The actual protagonists of this game are Serah, Lightning’s sister who spent the last game as crystal, and newcomer Noel, who I was incredibly ready to hate but found to be the only sane person in this game. Noel is tasked by Lightning to bring Serah to her, and is from a goddess hell scape of a future where he is one of three remaining human beings. Journeying to the past to find Serah, the two use the power of a Moogle, also provided by Lightning, to travel to different points in history, righting temporal anomalies rather than going directly to Lightning, who as already stated is in a realm outside of time, a fact Noel is completely aware of the whole journey. Hope, meanwhile, takes the slow path through the ages, and becomes the leader of the free world and an internationally renowned badass scientist in his spare time with legions of fan girls, a prospect that is already severely straining what little credulity I have left at this point.

Then again... (SOURCE: finalfantasy.wikia.com)

Then again… (SOURCE: finalfantasy.wikia.com)

I sincerely hope you don’t think I’m exaggerating for comedic effect, because this is the honest to God plot of the game.

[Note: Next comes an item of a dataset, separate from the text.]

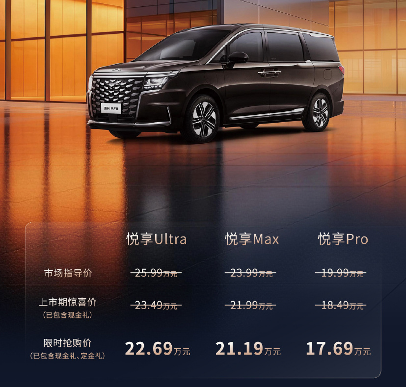 悦享系列官方指导价是19.99万至25.99万,但限时抢购期(3月10日至5月20日)直接全系砍价2.3万到2.8万不等。

In fact, I’m short changing you on some of the insanity, since I haven’t even gotten into the infinitely reincarnating girl, the deal with the woman dressed like a Chocobo who is your shopkeeper in every time period, or the goddamn casino at the end of time. This game had no clue what it wanted to be. Serious moments can move almost instantly into comedy. The zombie apocalypse of one time period is offset by relationship drama, for example. In fact, this game’s plot is infinitely more confusing for being familiar with the established backstory of the previous game, which is worth an achievement in and of itself. Characters take actions that make absolutely no goddamn sense, chief amongst these being the Goddess, who it is super important to save. This is despite, again, her giving her living, beating heart to someone who desperately wants to kill her, and giving useless ass psychic future seeing powers that eventually kill you without ever being useful to her devoted servants.

I'm so, so sorry for saying your plans were stupid. It's just that they were so very, very stupid. (SOURCE: finalfantasy.wikia.com)

I’m so, so sorry for saying your plans were stupid. It’s just that they were so very, very stupid. (SOURCE: finalfantasy.wikia.com)

Final Fantasy XIII-2 had some good ideas. The battle system was revised and simplified, the creature capture system is deep and rewarding, and Caius is actually, for all my snark, a decent villain with understandable motives. But what the game had was arrogance. It was undeservedly assured of its success and status, and it proved that in the end game. After spending the entire game trying to thwart Caius, it seems that the party has finally succeeded, only for everything to immediately go wrong. You, the player, might imagine there’s a better ending to get. So you complete all the optional objectives the game has to offer, and the game rewards you by having Caius tell you, the player, to your face, that all your extra effort was utterly pointless because it didn’t count.

Still y’know, this has to be rock bottom for the series so far right? I mean, the next stage would have to have Lightning wildly out of character, dressing up in cat girl outfits for it to be even more divisive. And they wouldn’t be that stu – Oh son of a bitch.